- Task goal
The output must start at the line containing "Ópticas traseras LED. (1)" in the records below and stop at the last line, matching each line exactly and leaving out every picture.
*** Opening of Records shown ***
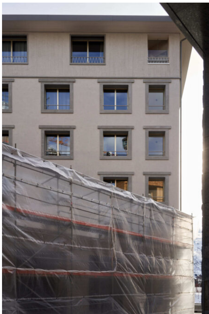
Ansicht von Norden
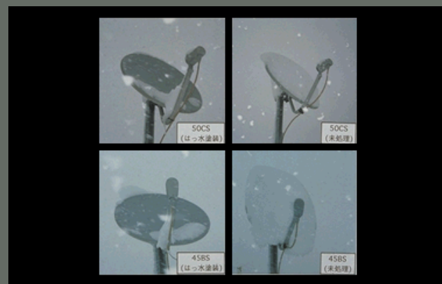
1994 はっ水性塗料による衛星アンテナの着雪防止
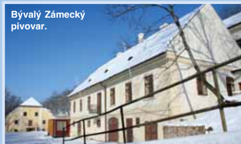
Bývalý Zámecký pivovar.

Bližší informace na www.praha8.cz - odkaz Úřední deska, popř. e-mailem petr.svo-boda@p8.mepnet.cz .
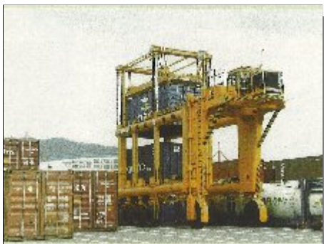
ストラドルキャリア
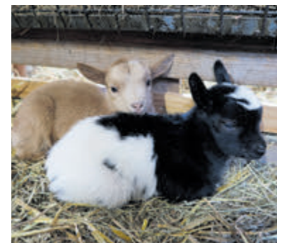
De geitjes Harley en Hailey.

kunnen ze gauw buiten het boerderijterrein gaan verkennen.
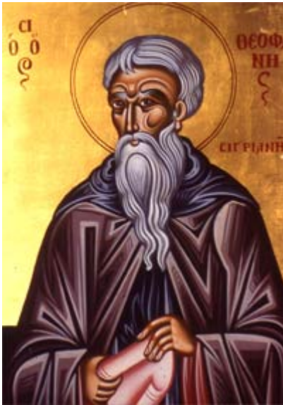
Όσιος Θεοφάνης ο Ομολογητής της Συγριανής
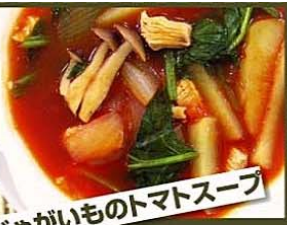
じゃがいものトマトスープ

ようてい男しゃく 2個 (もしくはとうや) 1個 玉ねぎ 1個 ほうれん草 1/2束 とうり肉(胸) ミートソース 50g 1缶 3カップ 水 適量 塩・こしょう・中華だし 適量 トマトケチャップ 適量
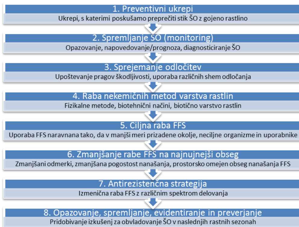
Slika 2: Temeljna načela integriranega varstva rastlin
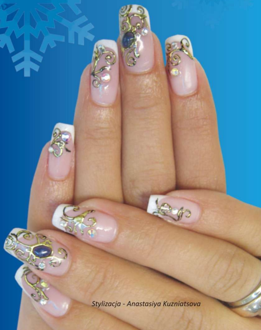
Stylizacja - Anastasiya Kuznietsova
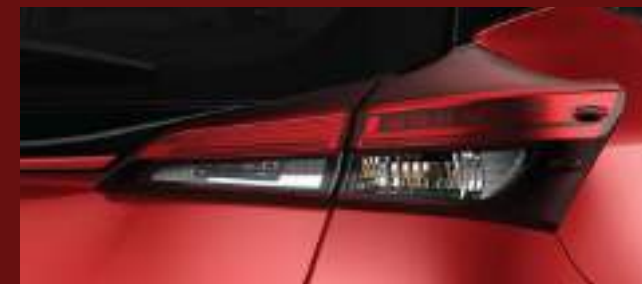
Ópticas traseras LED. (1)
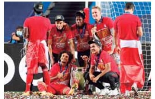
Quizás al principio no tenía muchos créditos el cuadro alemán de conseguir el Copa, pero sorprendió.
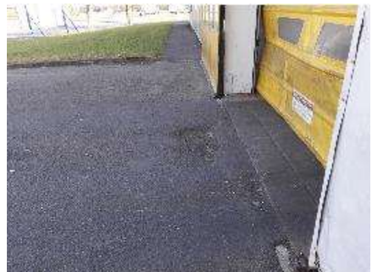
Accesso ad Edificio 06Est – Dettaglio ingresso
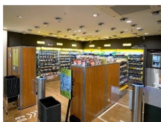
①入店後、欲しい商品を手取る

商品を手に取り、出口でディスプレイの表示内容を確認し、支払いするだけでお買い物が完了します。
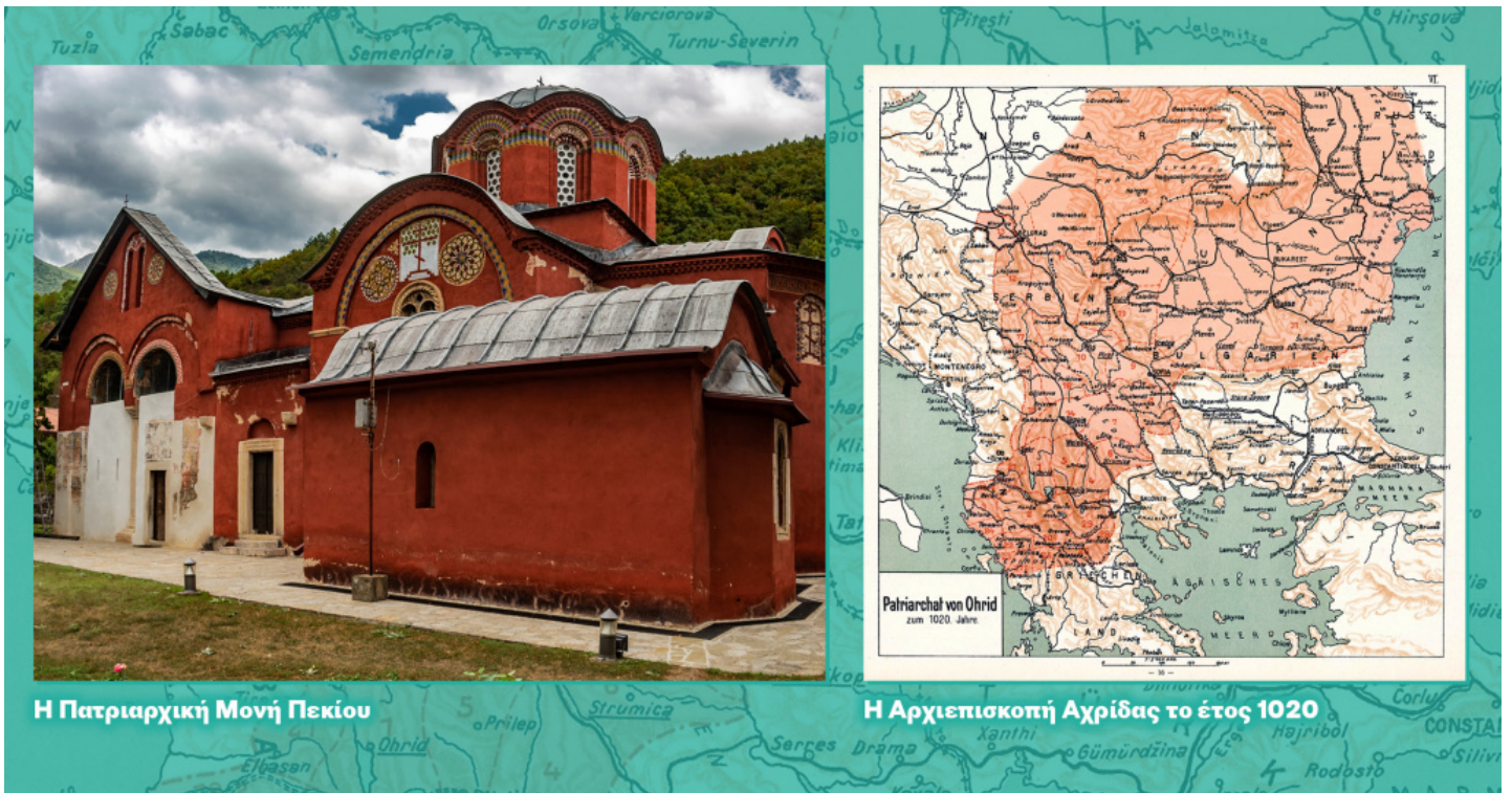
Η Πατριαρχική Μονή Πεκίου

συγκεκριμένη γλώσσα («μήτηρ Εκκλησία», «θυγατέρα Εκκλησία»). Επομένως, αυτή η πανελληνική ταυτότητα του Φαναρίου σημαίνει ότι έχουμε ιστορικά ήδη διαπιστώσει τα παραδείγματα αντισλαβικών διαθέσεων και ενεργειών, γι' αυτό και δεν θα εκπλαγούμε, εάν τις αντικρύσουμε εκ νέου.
*** Close of Records shown ***
- Answer section
Ópticas traseras LED. (1)
Quizás al principio no tenía muchos créditos el cuadro alemán de conseguir el Copa, pero sorprendió.
Accesso ad Edificio 06Est – Dettaglio ingresso
①入店後、欲しい商品を手取る

商品を手に取り、出口でディスプレイの表示内容を確認し、支払いするだけでお買い物が完了します。
Η Πατριαρχική Μονή Πεκίου

συγκεκριμένη γλώσσα («μήτηρ Εκκλησία», «θυγατέρα Εκκλησία»). Επομένως, αυτή η πανελληνική ταυτότητα του Φαναρίου σημαίνει ότι έχουμε ιστορικά ήδη διαπιστώσει τα παραδείγματα αντισλαβικών διαθέσεων και ενεργειών, γι' αυτό και δεν θα εκπλαγούμε, εάν τις αντικρύσουμε εκ νέου.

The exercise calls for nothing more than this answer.